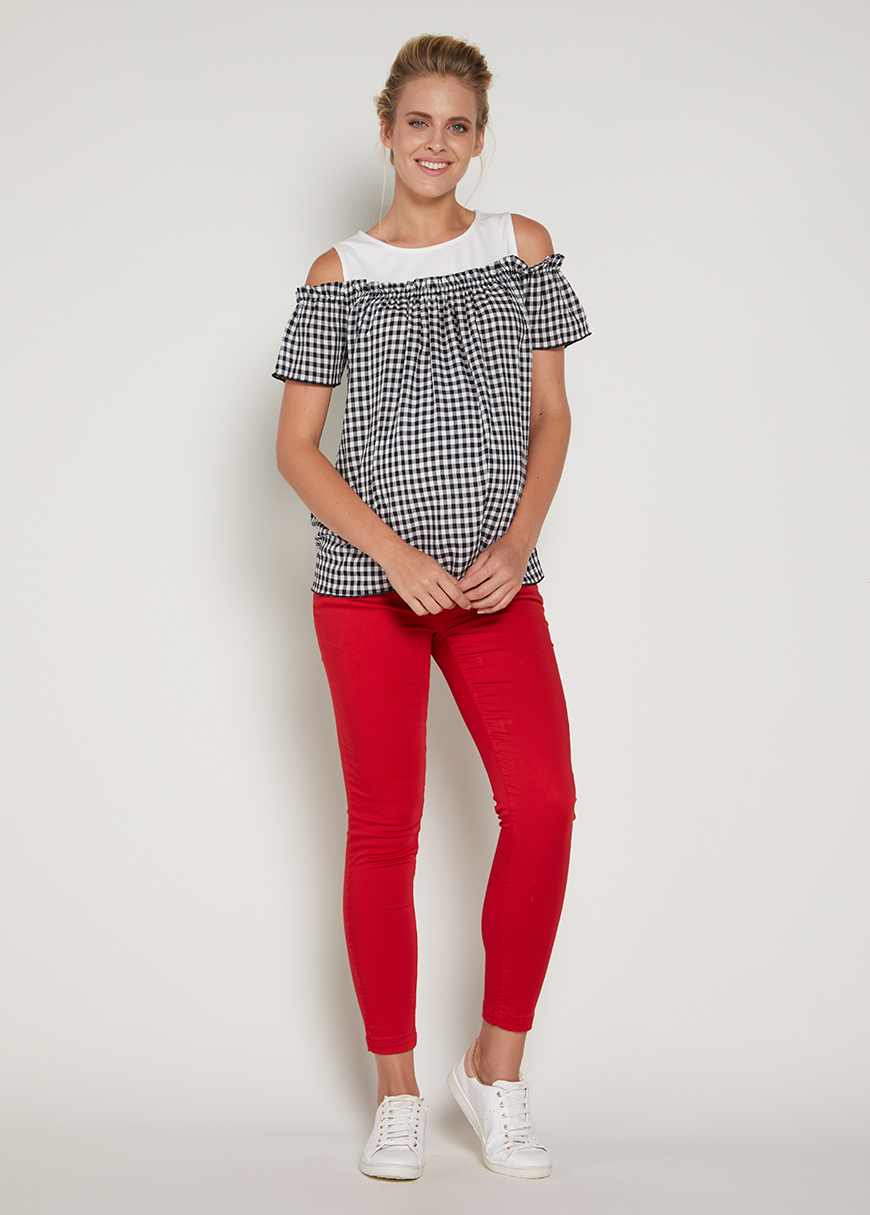 Модель зауженного кроя, средняя посадка без застёжки. Укороченные с подворотами. Детали: высокая трикотажная вставка для животика, два кармана спереди и два накладных кармана сзади, шлевки для ремня
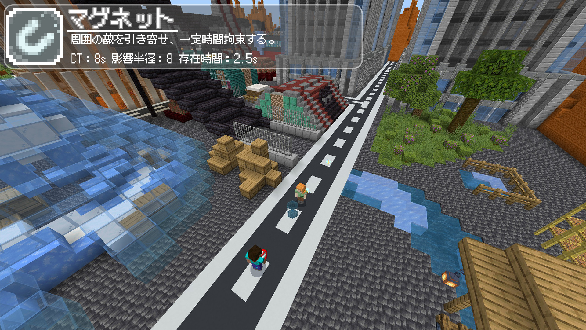 視点から距離32ブロック以内の目線の先のブロックに設置が可能です。設置場所を中心に半径8ブロック以内の敵プレイヤーを設置場所に引き寄せ、マグネットが存在する間、設置場所に拘束します。
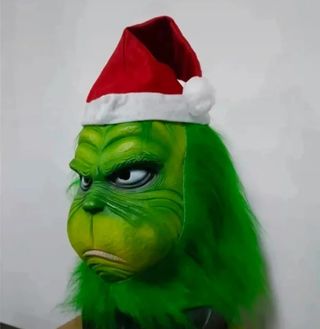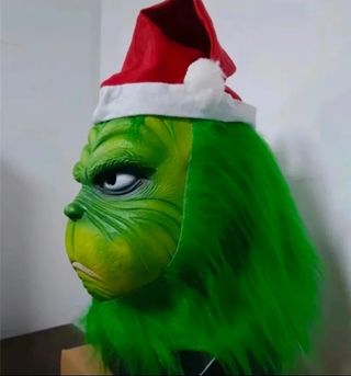 Máscara del Grinch con gorro de Papá Noel, perfecta para fiestas o disfraces. - Diseño inspirado en el personaje. - Gorro de Navidad rojo incluido.
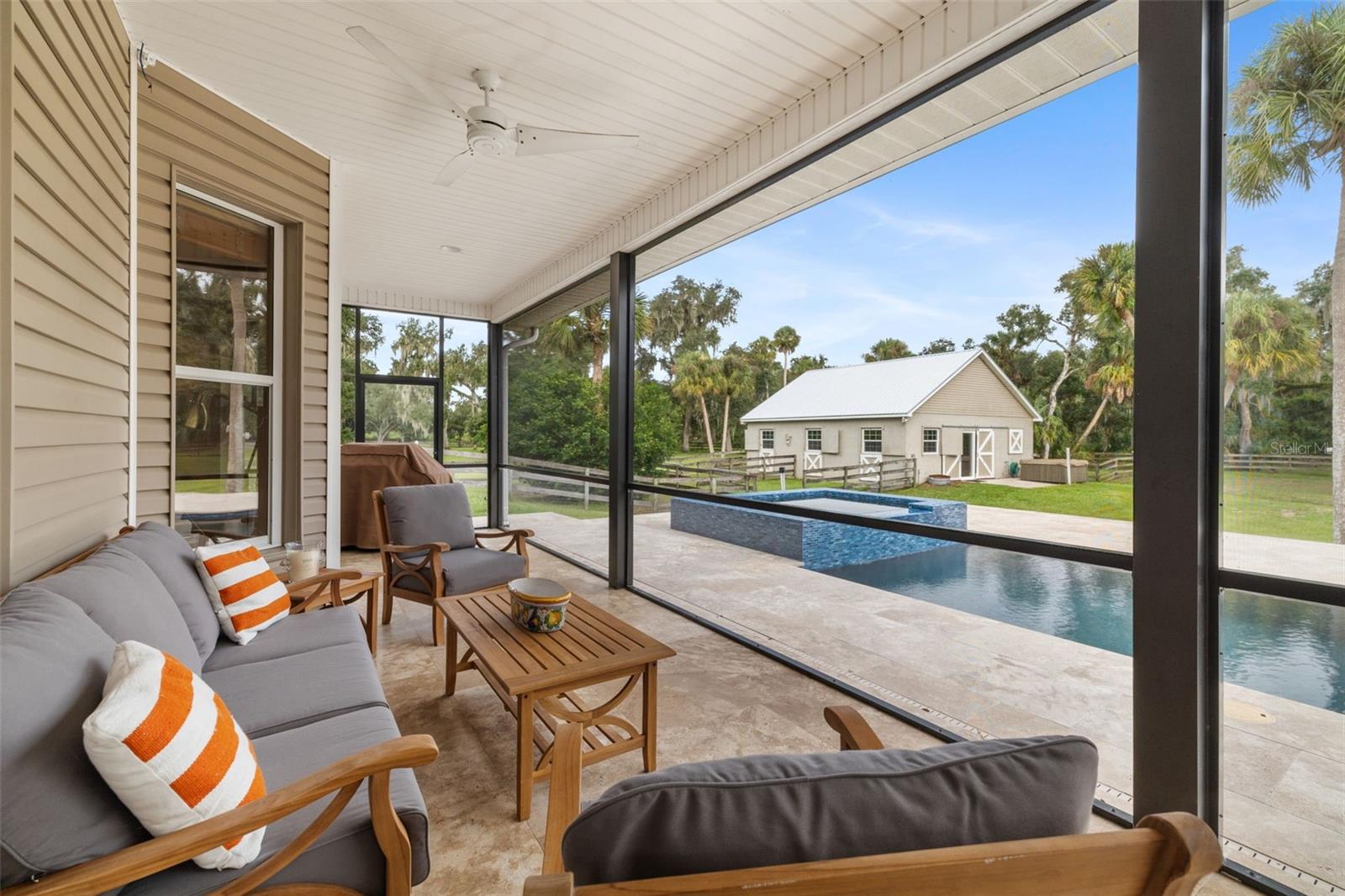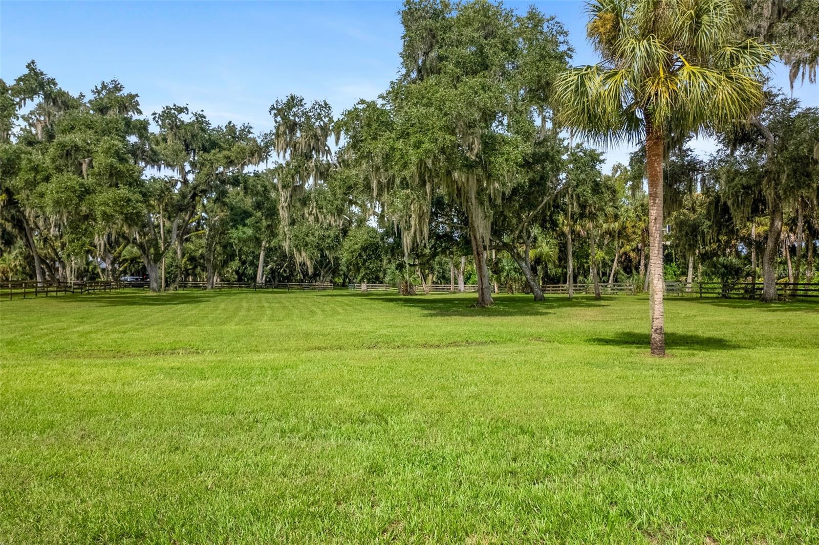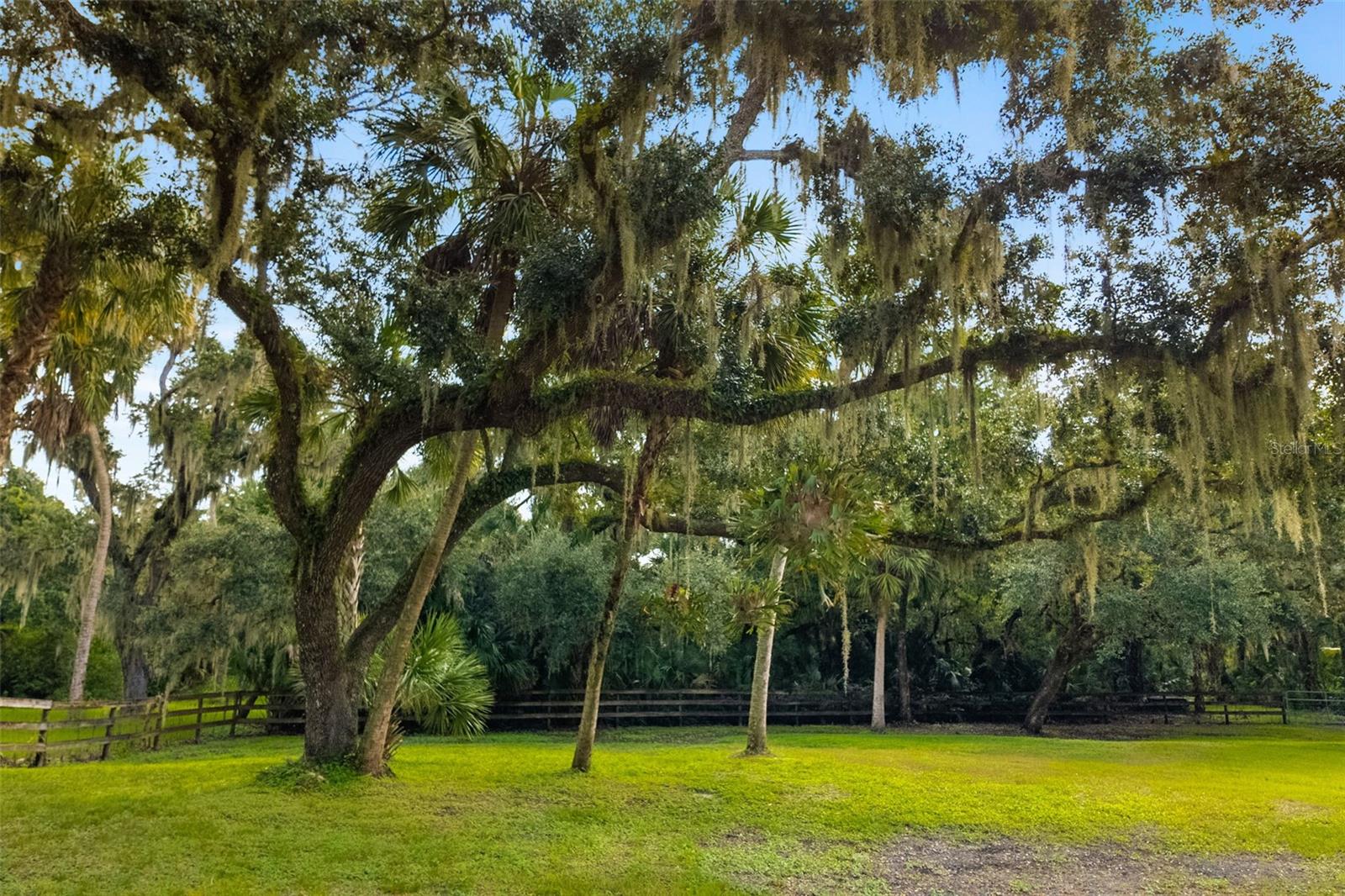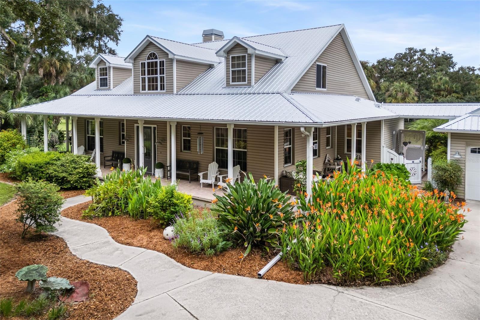 Welcome to 7091 Saddle Creek Lane — a breathtaking 7-acre estate tucked away in the stately, gated equestrian community of Saddle Creek in Sarasota, FL. This private, park-like retreat blends rustic elegance with refined modern updates, offering a true sanctuary for nature lovers, equestrian enthusiasts, and those seeking peaceful luxury. From the moment you enter the private gate and follow the oak-canopied driveway, you’re immersed in a natural hammock of live oaks, native cabbage palms, saw palmettos, bromeliads, orchids, and ferns — creating a setting that feels like a serene cross between Selby Gardens and Myakka State Park. It’s the perfect environment to coexist with nature, offering open grazing pastures with lush grass for livestock, or simply a front-row seat to Florida’s native wildlife, including deer, wild turkey, red-tailed hawks, barred owls, herons, hummingbirds, butterflies, and honey bees. This thoughtfully designed 3-bedroom, 3-bathroom home spans 3,041 sq. ft. of warm, inviting living space. Inside, enjoy vaulted ceilings, a stacked stone fireplace, new quartzite countertops in the kitchen, guest bath, and laundry room, and newer hardwood floors in the guest bedrooms, loft, and master suite. Step outside to your own private resort: • A custom 40-foot saltwater lap pool in PebbleTec Midnight Blue • An oversized raised spa with tranquil spillover, finished in custom glass tile • 24x24 natural stone travertine pavers surrounding the pool deck • A brand-new, clear view screen enclosure for unobstructed outdoor enjoyment • OmniLogic and ColorLogic automation, along with pool heater and chiller for year-round comfort Beyond the main residence, a climate-controlled multi-use structure offers a full kitchen, bathroom, and hurricane-rated modern glass garage doors, perfect as a guest house, barn, art studio, or collector’s garage. All structures feature durable metal roofs, and several newer AC units ensure year-round efficiency. The expansive 5-car garage includes RV and EV hookups, air-conditioned workspace, and additional outdoor parking. The estate also features a whole-home backup generator, ensuring you're always prepared. Surrounded by total privacy on three sides, and located on a quiet cul-de-sac, the property directly backs up to 30 miles of private horse trails. With four gated pastures, there’s room for your horses—or build a chicken coop, start a vegetable or herb garden, or even add another structure to suit your vision. Located within an A-rated school district, this estate is more than a home — it’s a lifestyle. Experience the perfect blend of luxury, tranquility, and nature, all just minutes from Sarasota’s vibrant city life.

————————

_ACTIVITY_
All that is wanted is the run of lines from the start of the material through the line that holds "Máscara del Grinch", retyped exactly, with no pictures.

_OUTPUT_
 Модель зауженного кроя, средняя посадка без застёжки. Укороченные с подворотами. Детали: высокая трикотажная вставка для животика, два кармана спереди и два накладных кармана сзади, шлевки для ремня
 視点から距離32ブロック以内の目線の先のブロックに設置が可能です。設置場所を中心に半径8ブロック以内の敵プレイヤーを設置場所に引き寄せ、マグネットが存在する間、設置場所に拘束します。
 Máscara del Grinch con gorro de Papá Noel, perfecta para fiestas o disfraces. - Diseño inspirado en el personaje. - Gorro de Navidad rojo incluido.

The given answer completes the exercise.